My iPad won’t carry my chips!

Gadget and Gizmo Geeks everywhere are abuzz this week as Amazon launch the latest version of their e-reader, Kindle, in the UK. Coming only a few months after the monstrous launch of Apple’s latest phenomenon: the iPad, I think we may have a fight on our hands… Constantly challenged, technology giant Apple are being put on trial again as the Amazon Kindle promises to not only have the largest selection of book titles available, but also to be the cheapest supplier of e-books on the market, outsmarting the uber-shop that is the iTunes store.

But how has this flooding of the gadget market, offering the chance to read books, papers and magazines online and on the go, affected the humble newspaper rag and mag? Will The Times and The Guardian be relegated to the local chippie and used only for absorbing grease on a Friday night?

I’m not sure the answer is as doom and gloom as you may have anticipated. Take for example the introduction of a paywall on the Times Online asking for £2 a week for daily news content. The result? A 90% reduction of readers. However, research revealed these same readers were still prepared to dish out pennies for buying the real thing, and according to a poll, 72% of readers are enjoying their daily newspaper reading experience. Not only this, but 70 percent of 18-34* year-olds (32 million) read a newspaper during the week and 21 million read a newspaper on Sunday. Does this sound like news in print is on a death spiral? (*Apple & Amazon, please note that this is the very same target demographic you need splashing the cash on iPad’s and Kindle’s…)

A lot of people who know and appreciate the nature of PR think us PRO’s have it easy, starting our day with a cup of coffee and a flick through the day’s newspapers and the weekly celeb mags. But this happy tradition isn’t about enriching our minds and easing ourselves into a day of work, it is essential for us to have a grasp on the daily events around the world to help with campaigns, give a head’s up to a crisis and just make us commercially aware.
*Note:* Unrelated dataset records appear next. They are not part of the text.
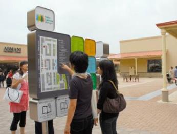 一般商业中心购物区域的范围面积非常广大,像这些商业区域标识指示牌设计部分是很重要的,引导、说明、指导对大众来说是快速认识环境与方便寻找自己购买物质的方向、位置的方式,因此商业标识牌的设计要非常明确、清晰、醒目。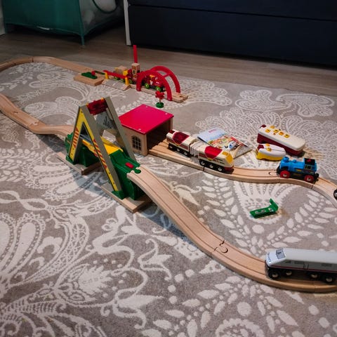 Selling set of train tracks + battery power train + remote control battery power train + crane and everything you see in the pictures for €100.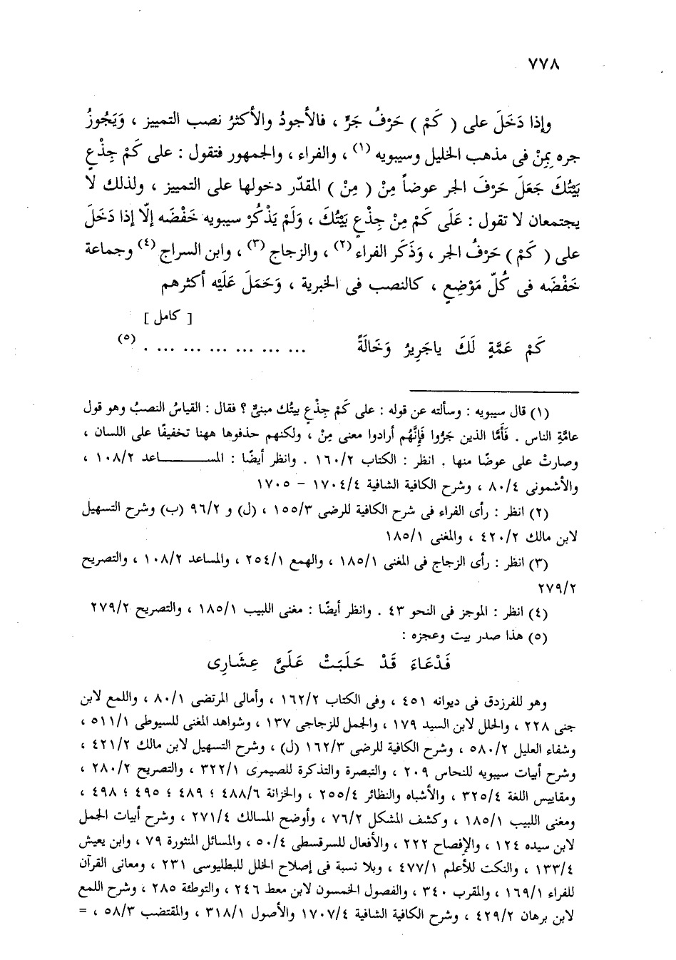 وإذا دخل على (كم) حرف جر، فالأجود والأكثر نصب التمييز، ويجوز جره بمن في مذهب الخليل وسيبويه، والفراء، والجمهور فتقول: على كم جذع بيتك جعل حرف الجر عوضًا من (من) المقدر دخولها على التمييز، ولذلك لا يجتمعان لا تقول: على كم من جذع بيتك، ولم يذكر سيبويه خفضه إلا إذا دخل على (كم) حرف الجر، وذكر الفراء، والزجاج، وابن السراج وجماعة خفضه في كل موضع، كالنصب في الخبرية، وحمل عليه أكثرهم.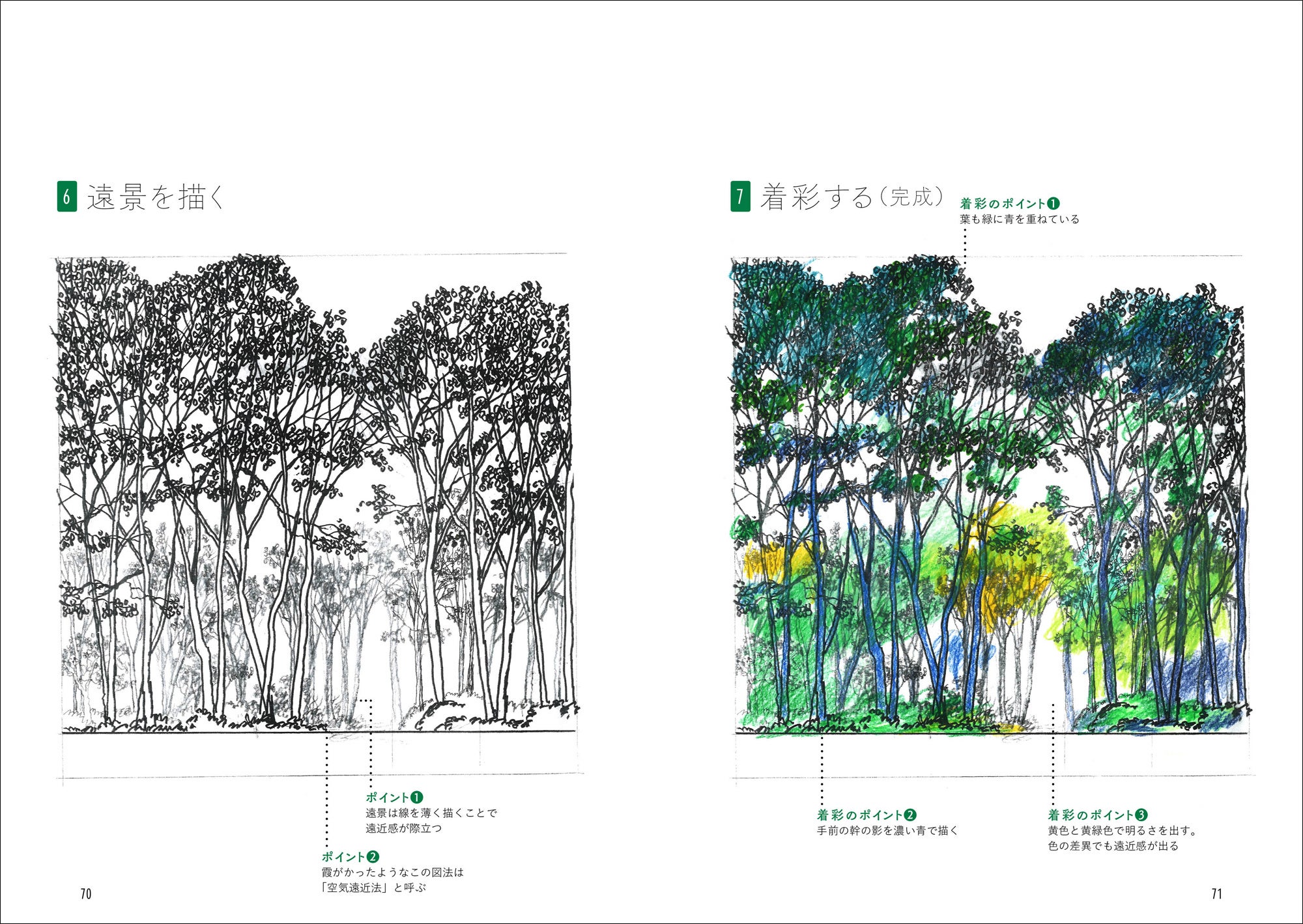 それもそのはず、大事なコツは背景の「緑」の描き方にありました。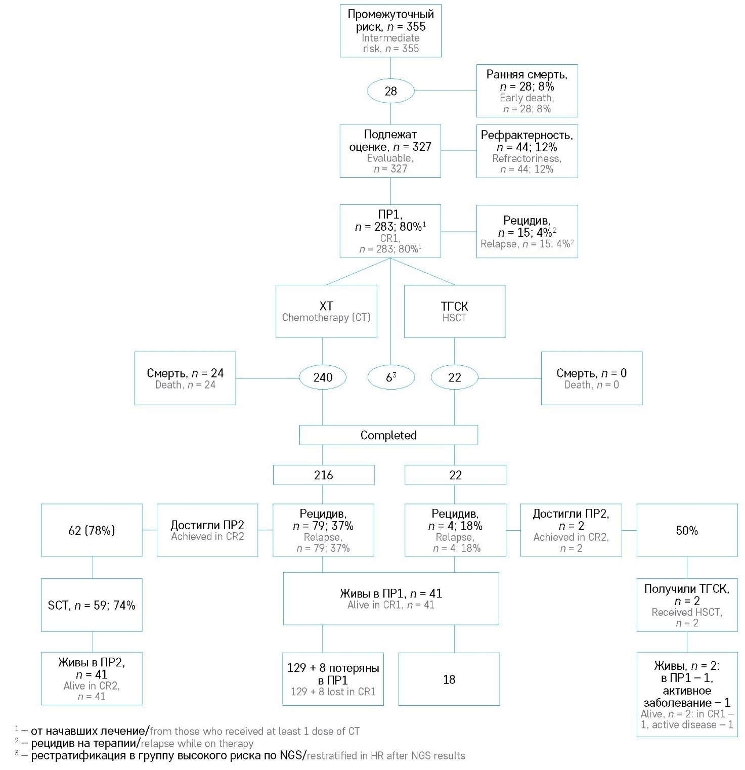 Двадцать четыре пациента (8%) умерли в ремиссии до возможного проведения ТГСК или последнего блока полихимиотерапии. Шесть пациентов в ходе терапии при получении данных NGS были рестратифицированы в группу высокого риска, все они получили ТГСК в первой ремиссии от альтернативного донора.

Starting up a laptop and being confronted by a gazillian e-mails will inevitably distract us from scouring and the Sun online.

All of this to digest – and now today a poll of 20,000 consumers has found that the typical owner of the iPad is seen as power-hungry and has little time for the concerns of others. According to those polled, the image of someone who owns an iPad is of a selfish workaholic between 30 and 50 who has an unhealthy interest in making lots of money. Hmm….in this case, I may remove the device from my Christmas list in favour a subscription to the Daily Mail!